En parallele, j'ai remarqué également de petites stries horizontales qui apparaissent (facon "broullage TV") sur l'écran pendant les 15 premières secondes du lancement systeme.

Une re-installation systeme 10.5 a été faite avec un test hard-soft (RAS) +  SMU. Les condensateurs de la CM n'ont pas encore gonflés...

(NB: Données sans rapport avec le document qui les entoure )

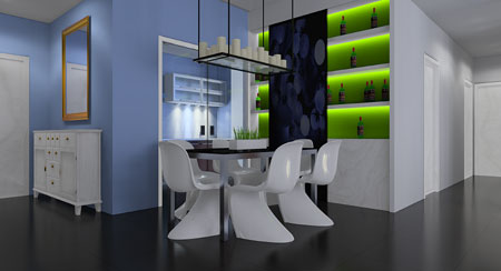 在設(shè)計上突出之處是燈光的設(shè)計與燈飾選擇。在家居設(shè)計中燈光的運用非常靈活。光與影的營造下,家居增添上一份迷人的氣氛。餐廳的一角采用明亮燈飾,氣氛活躍。而客廳則以大小不一的射燈為主,令客廳環(huán)境顯得安詳而幽雅。燈光不僅是用于照明,同時也是家居的配角。俗話說,紅花也要綠葉扶。此方案中選用的臺燈燈座設(shè)計古樸大方,與整個家居裝飾風(fēng)格一致。

Causes probables (d'après infos recueillies):
1- Sondes température ou poussière dans ventilos ? (lors du lancement le Mac était à l'arret donc il n'a pas eu le temps de chauffer !)
2- carte mère ou vidéo ?
3- un remplacement du DD d'origine a été réalisé contre un 500 GO (lien de cause à effet !!)
4- alimentation ?

Qu'en pensez-vous ? Et que me conseillez vous de faire ?
Merci bcp, car je suis complétement perdu ...


----------



## Sly54 (11 Avril 2009)

nikos2009 a dit:


> Causes probables (d'après infos recueillies):
> 1- Sondes température ou poussière dans ventilos ? (lors du lancement le Mac était à l'arret donc il n'a pas eu le temps de chauffer !)
> 2- carte mère ou vidéo ?
> 3- un remplacement du DD d'origine a été réalisé contre un 500 GO (lien de cause à effet !!)
> ...



Hello,

Qqs conseils :
* lis les fils (nombreux) traitant de cette question (tout en bas de cette page)
* prend RV chez un concessionnaire pour qu'il établisse un diagnostique (si c'est la carte mère ou l'alim qui sont défaillants).

Bon courage,


----------



## nikos2009 (11 Avril 2009)

Merci pour ton aide, mais aucun fil ne répond précisément à ce problème. Avant de le déposer chez un concessionnaire (diagnostique 50-60&#8364 j'aurai souhaité avoir l'avis de quelques personnes.


----------



## Sly54 (11 Avril 2009)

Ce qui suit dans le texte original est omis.